• **TASK ITEM**
What you return must match the records below exactly, apart from the omitted pictures.

(Records from a data collection)
┌──

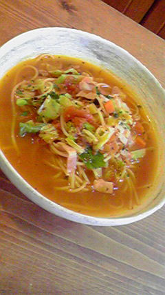 春野菜のスープパスタにしてみました。
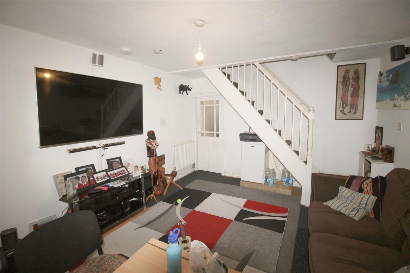 Spacious reception room with double-glazed door to rear courtyard, radiator, carpeted flooring, door through to kitchen.
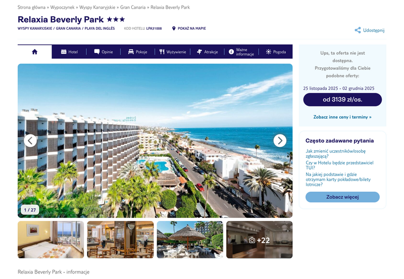 Niedostępność oferty została udokumentowana zrzutem ekranu.
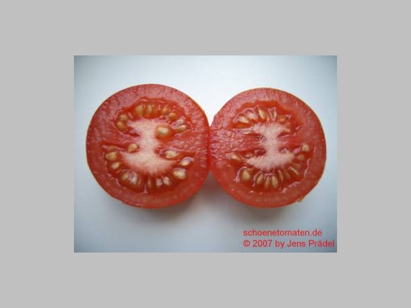 schöne, mittelgroße, durchschnittlich 50 g schwere, leicht breitrunde, rote Früchte mit 2 Fruchtkammern
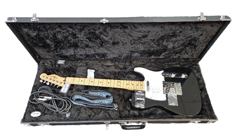 Accessories: Includes a hard case, lead, picks, and a strap.
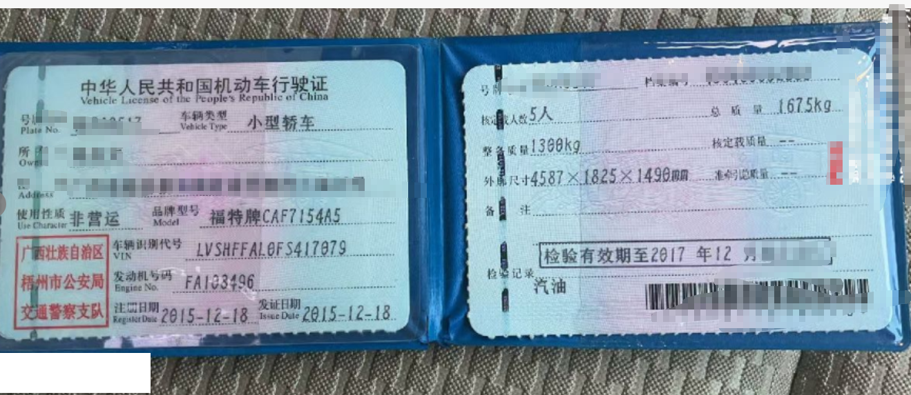 车牌号 桂****** 品牌 福特
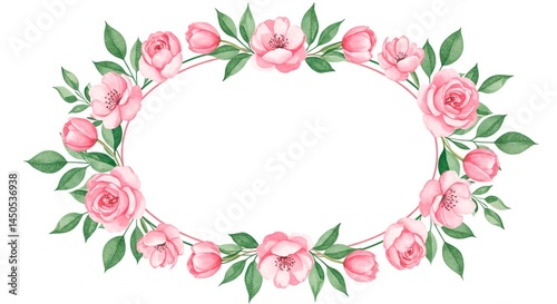 Fototapeta premium Oval floral frame with pink roses tulips and green leaves on a white background watercolor illustration
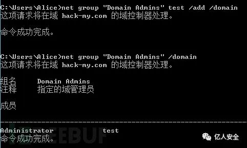 此时,Alice 用户可成功向 Domain Admins 等关键用户组内添加成员。
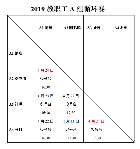 本次比赛第一阶段为小组循环赛(青岛校区共分4个小组,上次学校比赛前4名为A1,B1,C1,D1种子队),第二阶段A、D,B、C 组交叉淘汰赛(每小组前两名)。
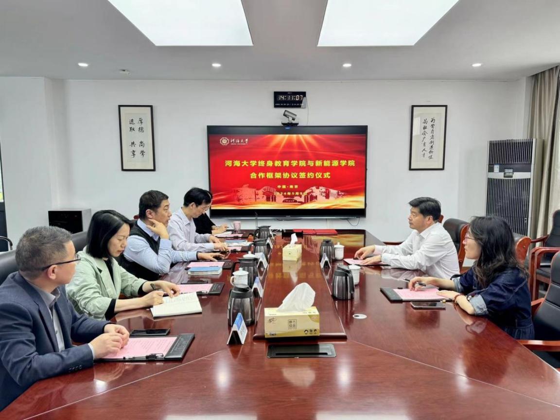 5月9日下午,終身教育學院與新能源學院舉行合作框架協議簽約儀式,終身教育學院黨總支書記、院長朱亞、新能源學院黨委書記楊春偉、終身教育學院副院長于偉、姚文賢出席簽約儀式。
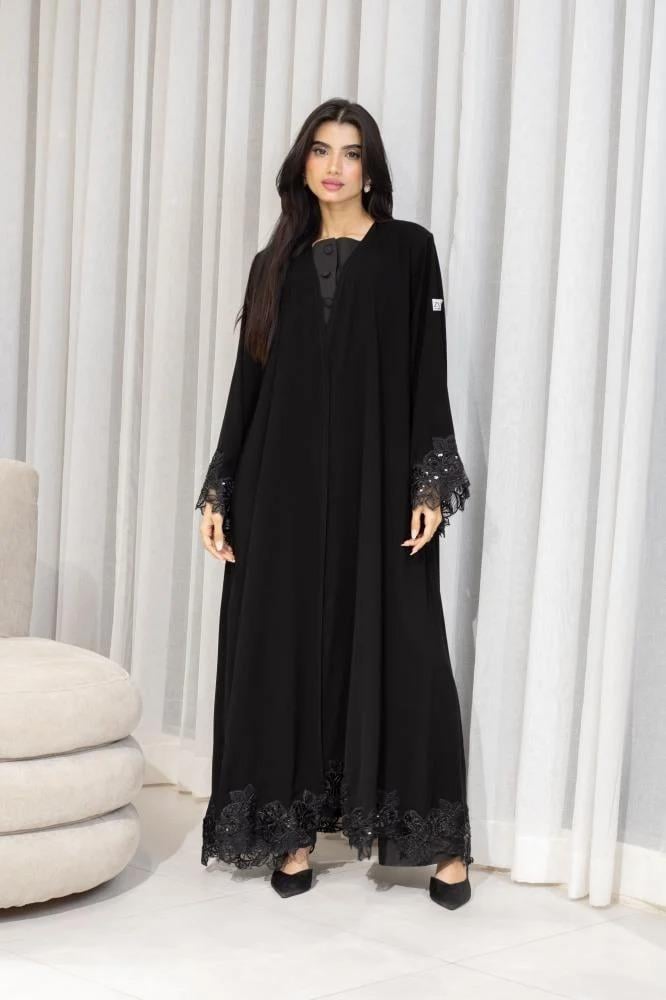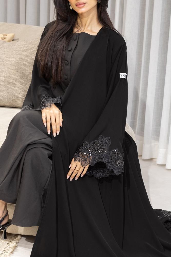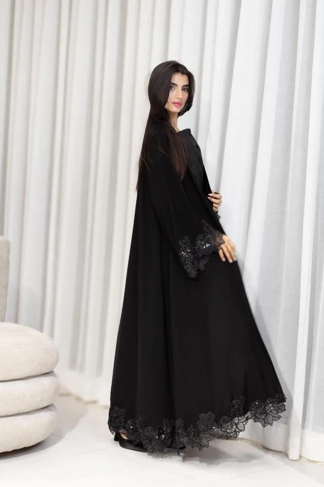 عبايات نصف كلوش ملكي فاخر باللون الأسود مع تفاصيل دانتيل أنيقة على الأطراف، تمنحك إطلالة فاخرة تجمع بين الرقي والأنوثة. قصتها العملية تضيف انسيابية مميزة، بينما خامتها الفاخرة تجعلها خياراً مثالياً للمناسبات الخاصة والإطلالات اليومية الراقية.

└──

• **YOUR RESPONSE**
 春野菜のスープパスタにしてみました。
 Spacious reception room with double-glazed door to rear courtyard, radiator, carpeted flooring, door through to kitchen.
 Niedostępność oferty została udokumentowana zrzutem ekranu.
 schöne, mittelgroße, durchschnittlich 50 g schwere, leicht breitrunde, rote Früchte mit 2 Fruchtkammern
 Accessories: Includes a hard case, lead, picks, and a strap.
 车牌号 桂****** 品牌 福特
 Fototapeta premium Oval floral frame with pink roses tulips and green leaves on a white background watercolor illustration
 此时,Alice 用户可成功向 Domain Admins 等关键用户组内添加成员。
 本次比赛第一阶段为小组循环赛(青岛校区共分4个小组,上次学校比赛前4名为A1,B1,C1,D1种子队),第二阶段A、D,B、C 组交叉淘汰赛(每小组前两名)。
 5月9日下午,終身教育學院與新能源學院舉行合作框架協議簽約儀式,終身教育學院黨總支書記、院長朱亞、新能源學院黨委書記楊春偉、終身教育學院副院長于偉、姚文賢出席簽約儀式。
 عبايات نصف كلوش ملكي فاخر باللون الأسود مع تفاصيل دانتيل أنيقة على الأطراف، تمنحك إطلالة فاخرة تجمع بين الرقي والأنوثة. قصتها العملية تضيف انسيابية مميزة، بينما خامتها الفاخرة تجعلها خياراً مثالياً للمناسبات الخاصة والإطلالات اليومية الراقية.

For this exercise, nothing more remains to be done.